In this section we will develop a measure of how tightly clustered a scatter diagram is about a straight line. Formally, this is called measuring *linear association*.

The *correlation coefficient* measures the strength of the linear relationship between two variables. Graphically, it measures how clustered the scatter diagram is around a straight line.

The term *correlation coefficient* is a quite long word, so usually the term shortened to *correlation* and denoted by $r$.

Here are some mathematical facts about $r$ that we will just observe by simulation.
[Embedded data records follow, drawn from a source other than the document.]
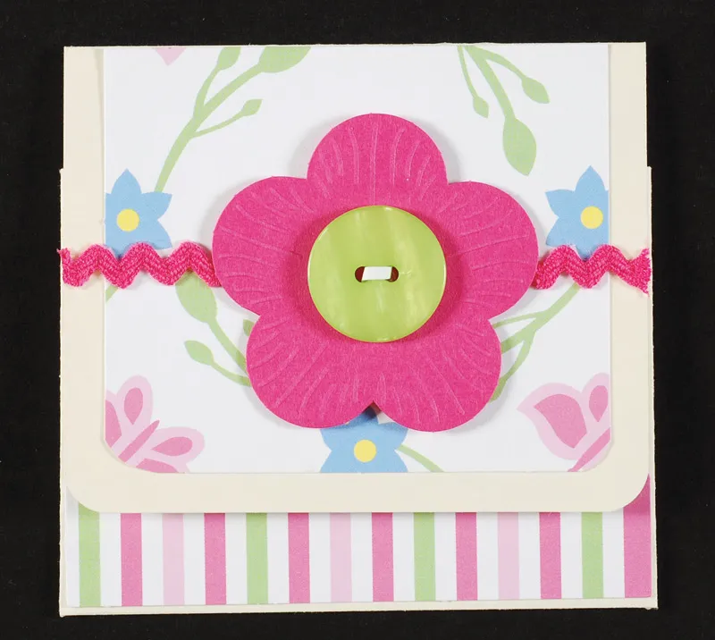 Round 2 corners of the butterfly paper and glue 2 1/2” of the paper to the center of the flap. Glue a length of pink rickrack across the flap. Foam tape a large pink flower to the center. Thread a large green button with a thin strip of white scrap paper, gluing the ends to the back. Glue the button to the center of the flower.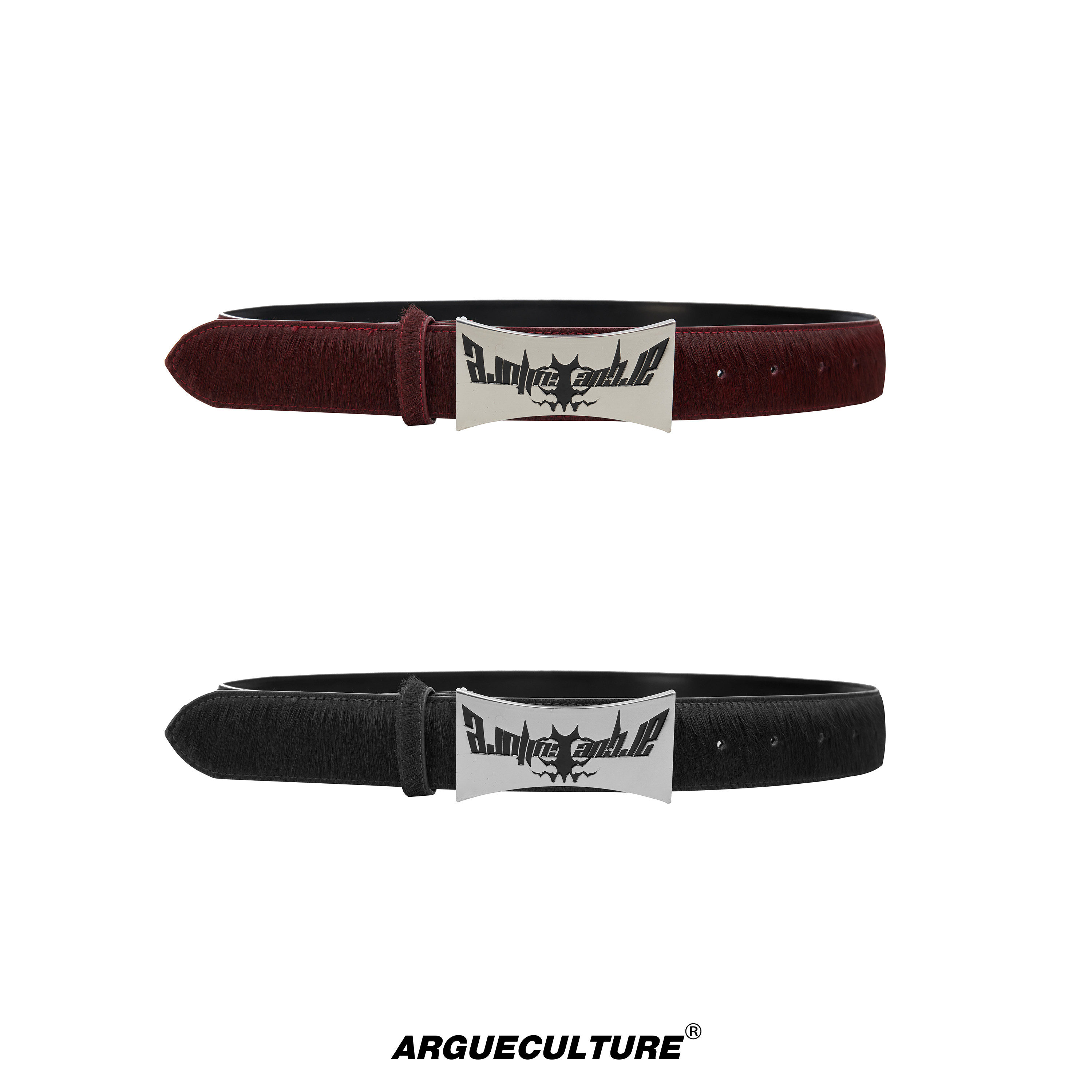 ArguE CulturE重磅做旧金属牌真皮马毛皮带小众复古高级百搭腰带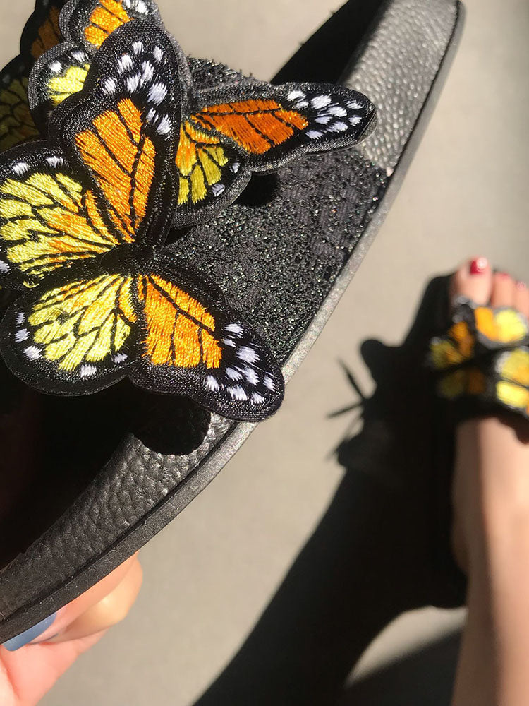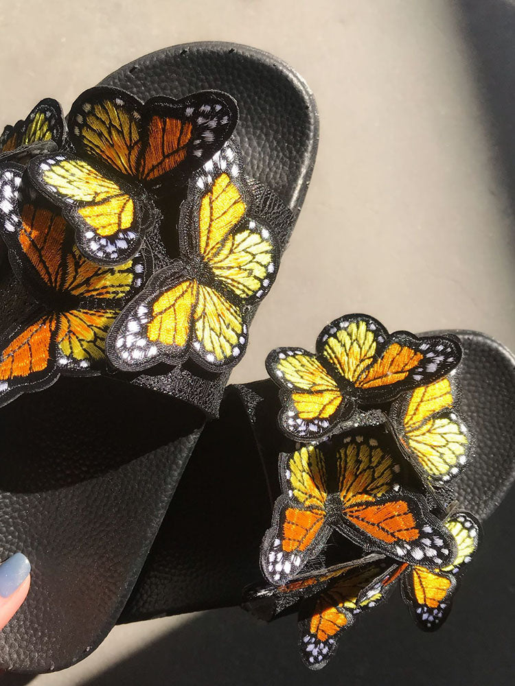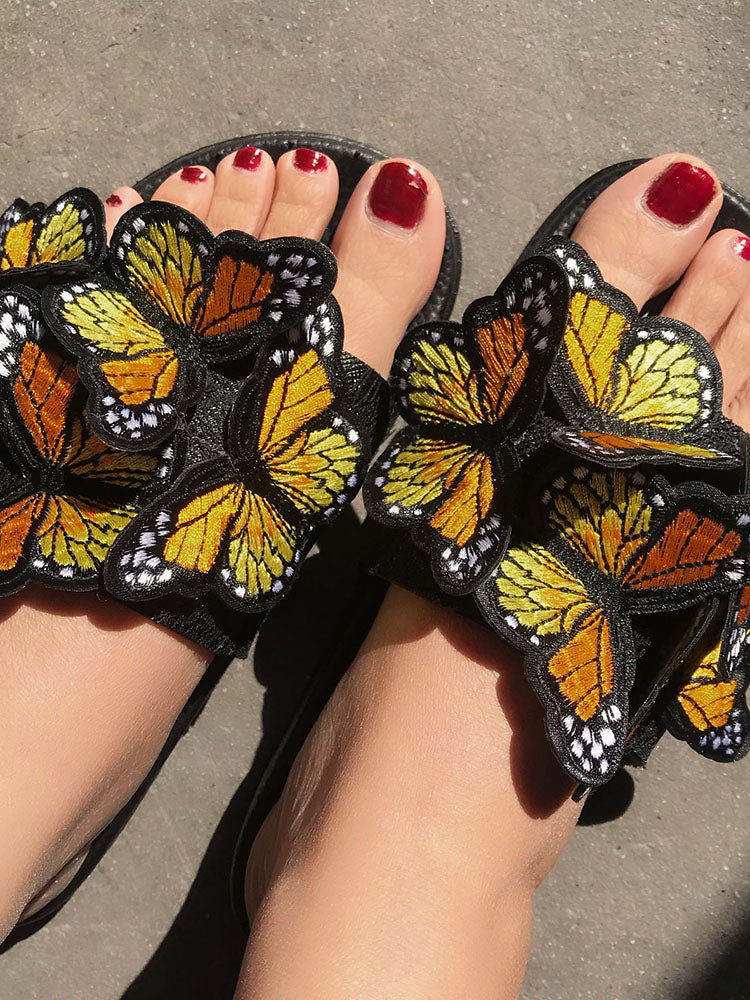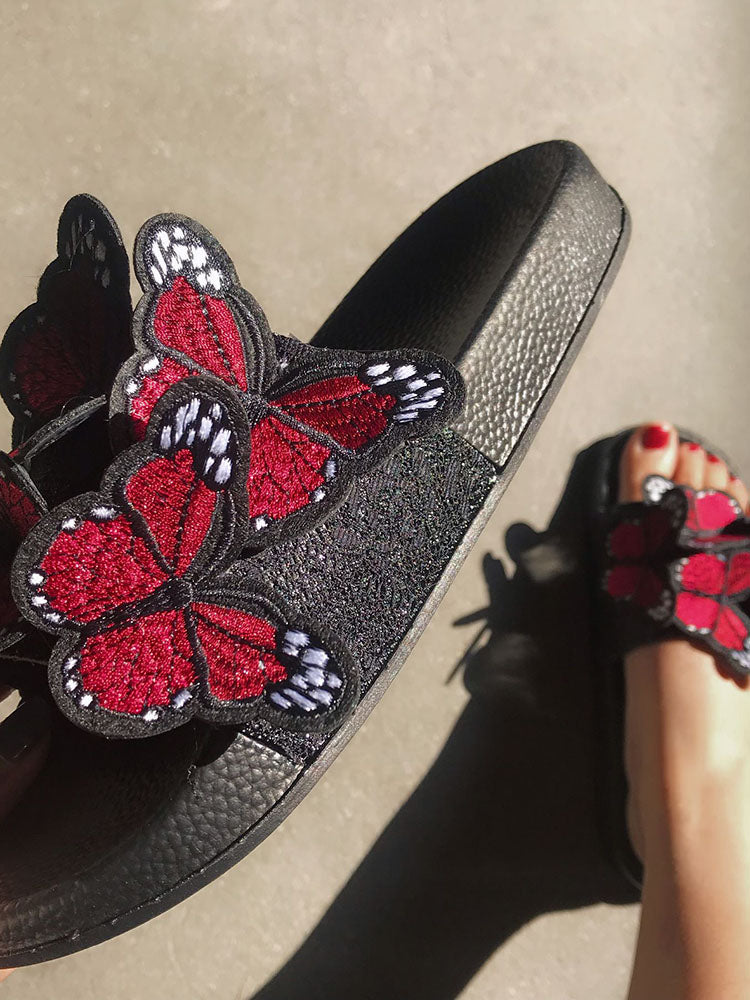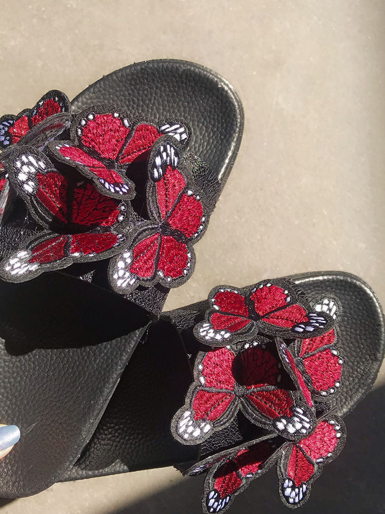 Embroidered Butterfly Slippers
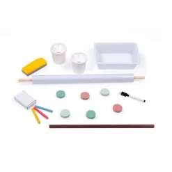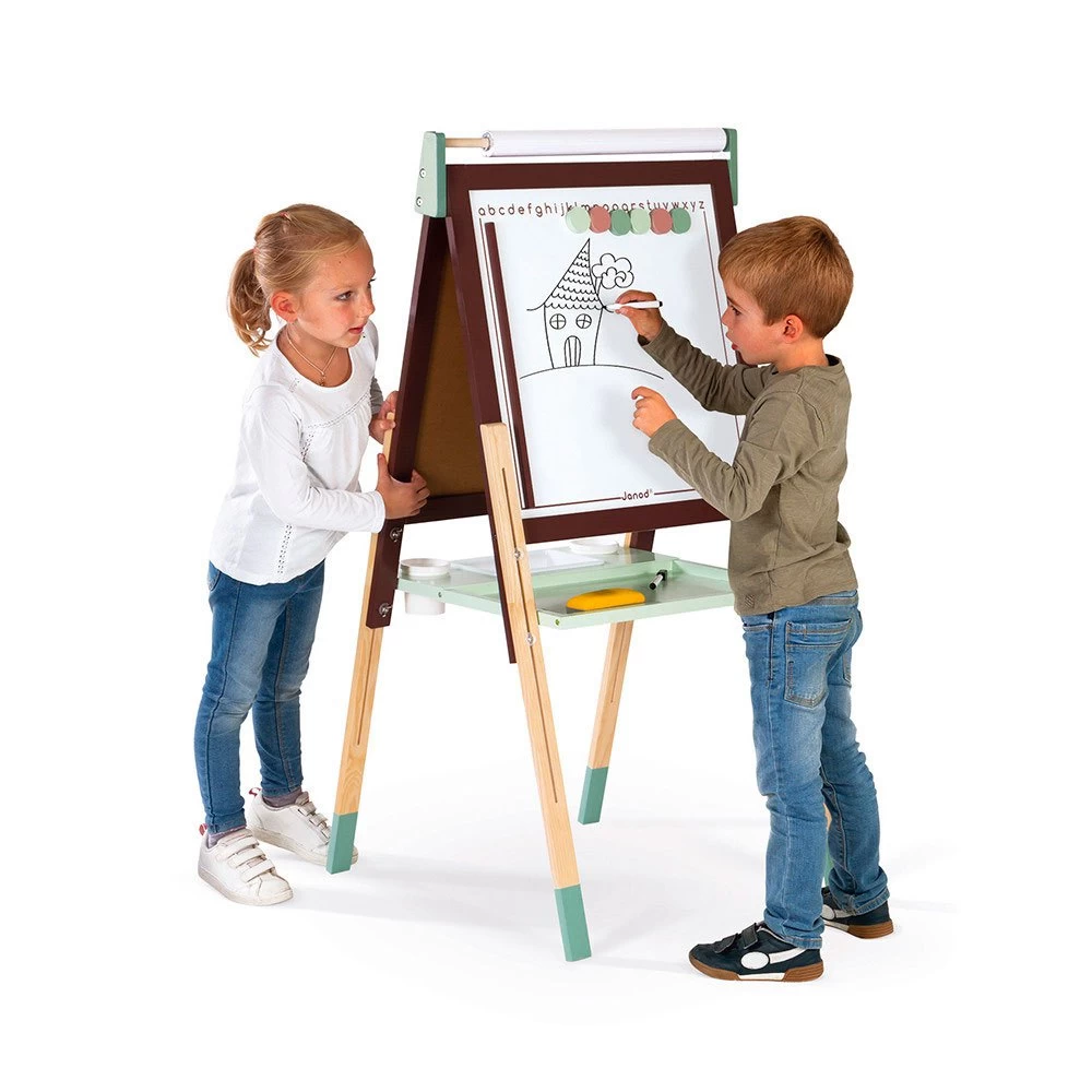 Una pizarra magnética para rotuladores borrables y una pizarra. Varios accesorios: 6 imanes, 10 tizas, 1 rotulador borrable en seco, 1 rollo de papel, 1 borrador de pizarra y 1 regla magnética. Altura ajustable (91 a 126 cm 35,8 a 49,6 pulg.). Superficie de escritura: 47 x 47,5 cm (18,5 x 18,7 pulg.). Muy conveniente: la pizarra se pliega para un fácil almacenamiento. Madera: MDF (pizarra), madera de pino (marco, imanes, estante verde, regla), plástico (vasos, borrador, bolígrafo).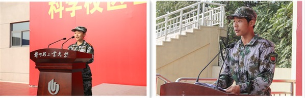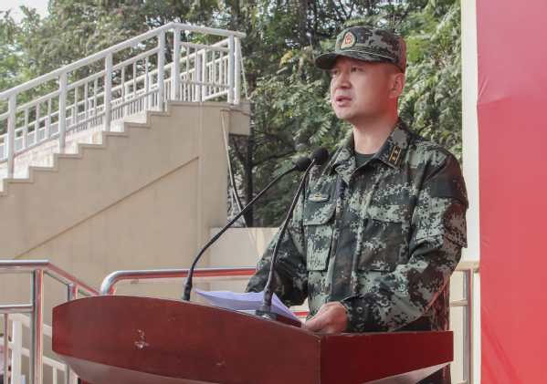 承训部队首长、中国人民解放军某部黄振超同志代表承训部队发言,他祝贺同学们圆满完成了军训任务,希望同学们保持和发扬学到的中国军人好作风、好品质,努力学习科学文化知识,把自己锻造成为德智体美全面发展、符合国家和社会需要的优秀人才。

- The correlation coefficient $r$ is a number between -1 and 1.
- $r$ measures the extent to which the scatter plot clusters around a straight line.
- $r$ = 1 if the scatter diagram is a perfect straight line sloping upwards, and $r$ = -1 if the scatter diagram is a perfect straight line sloping downwards.

The function `r_scatter`

takes a value of $r$ as its argument and simulates a scatter plot with a correlation very close to $r$. Because of randomness in the simulation, the correlation is not expected to be exactly equal to $r$.

Call `r_scatter`

a few times, with different values of $r$ as the argument, and see how the scatter plot changes.

When $r$ = 1 the scatter plot is perfectly linear and slopes upward. When $r$ = -1, the scatter plot is perfectly linear and slopes downward. When $r$ = 0, the scatter plot is a formless cloud around the horizontal axis, and the variables are said to be *uncorrelated*.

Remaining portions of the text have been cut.